What is the problem?
When a graduating student joins a software product company as a novice engineer, one of the first tasks assigned to them is to understand the product (or a part of it) they will work on. This is a prerequisite for writing production code. Typically, the novice engineer proceeds by attempting to read the source code from the product code repository to understand the functionality and behavior and uses the partial documentation and overview information received in onboarding sessions as appropriate. However, this usually becomes a complicated and lengthy process for these engineers. Given that the company and the engineers want to get productive quickly, this creates situations where partially trained engineers hit the production floor and may create costly production issues.
To be clear, gaining mastery over the product is indeed a time-consuming task (Zhou and Mockus (2010) and Sim and Holt (1998)). We are not talking about mastery, we are talking about picking enough understanding to be able to contribute effectively to the product evolution.
Over last decade, I have hired students from campus and closely observed their struggle to comprehend software systems. While I initially attributed this to their lack of motivation to learn appropriate skills in college, I now hypothesize that the skills needed to do well at these comprehension tasks are not included or taught well in the regular computer science courses at the undergraduate level.

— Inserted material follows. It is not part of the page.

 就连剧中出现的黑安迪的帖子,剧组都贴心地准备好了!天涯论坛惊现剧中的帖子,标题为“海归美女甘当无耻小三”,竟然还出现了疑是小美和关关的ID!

My research examines this further.
I think this is a world-wide problem. However, my research focus is on Indian context where this shows up in an extreme form. When we lament the lack of employability and gap of skills (Aggarwal, Nithyanand, and Sharma (2020), Wheebox (2022)), and then get drawn to offering industry-tailored skills as a solution, we perpetrate the problem. My research aims to identify key changes that can be brought to curriculum and pedagogy to address this with a long-term view.

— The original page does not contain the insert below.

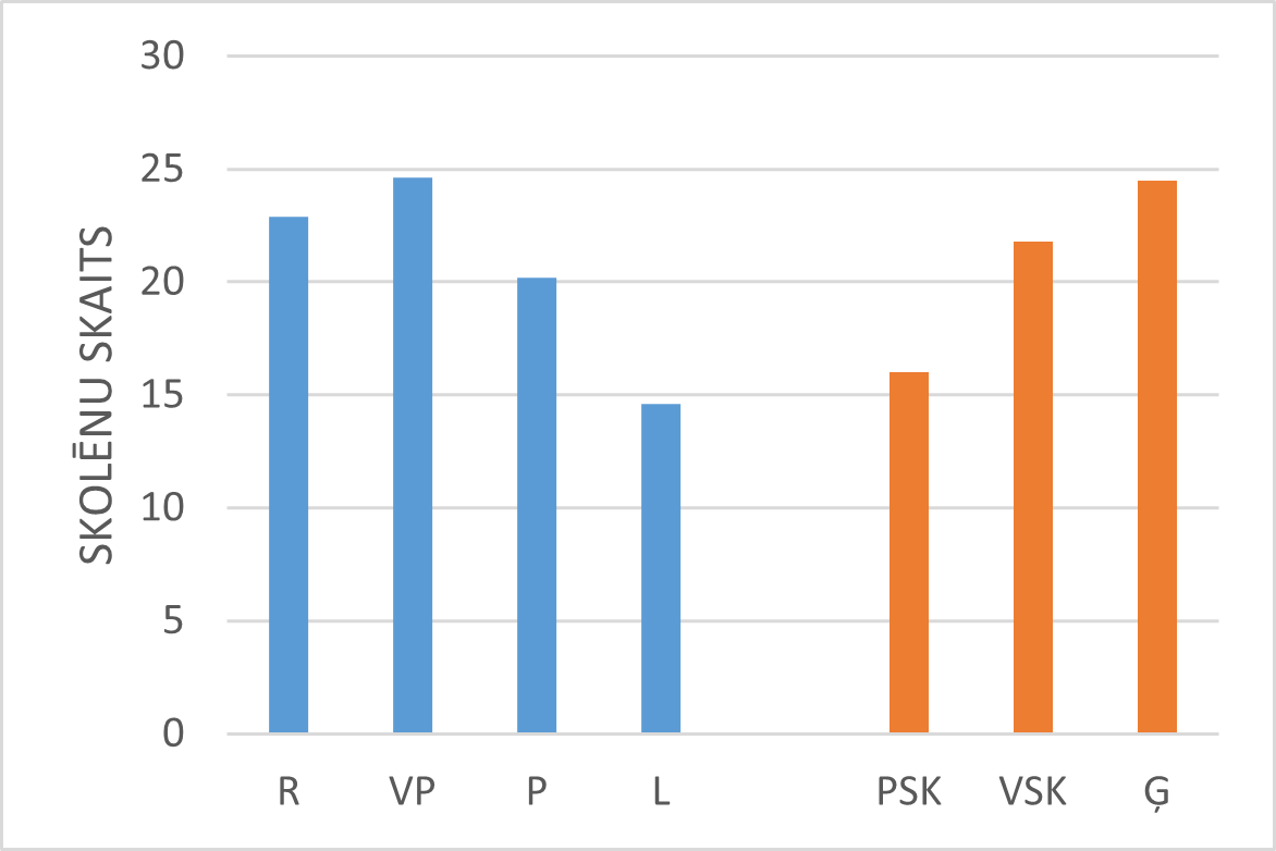 21. att. Klasē ir vairāk par 30% skolēnu no sociālekonomiski nelabvēlīgām mājsaimniecībām. | 22. att. Skolēnu skaits klasē. |

Why does this problem exist?
My research suggests that there are two key disconnects between academic world and industrial world that make it difficult for the novice engineer to be effective.

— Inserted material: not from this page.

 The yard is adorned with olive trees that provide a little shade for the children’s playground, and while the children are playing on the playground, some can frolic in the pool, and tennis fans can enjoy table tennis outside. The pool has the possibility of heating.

- Creation vs. comprehension skills: CS curriculum worldwide is disproportionately focused on how to construct a new piece of software. This is at odds with what an engineer is asked to do when they join (and much afterwards) - understand the existing software and evolve it. Initial creation tasks (bug fixes, small features) are also expected to be used for comprehension, as a means to understand the software better
- Simple vs. complex systems: Training for undergraduate students is limited to simple systems that they have created individually or in groups (and don’t deal with existing systems). In fact, most assignments ask them to create algorithms and programs, not build systems. On the other hand, software product companies have a large, complex system that novice engineers are expected to work on. The complexity shows up in multiple ways: the codebase is so large that reading it to understand the system is quite difficult, and the behavior of the software is not apparent from the code that they do read and understand (because in complex systems, behavior emerges from the interactions and is a run-time property).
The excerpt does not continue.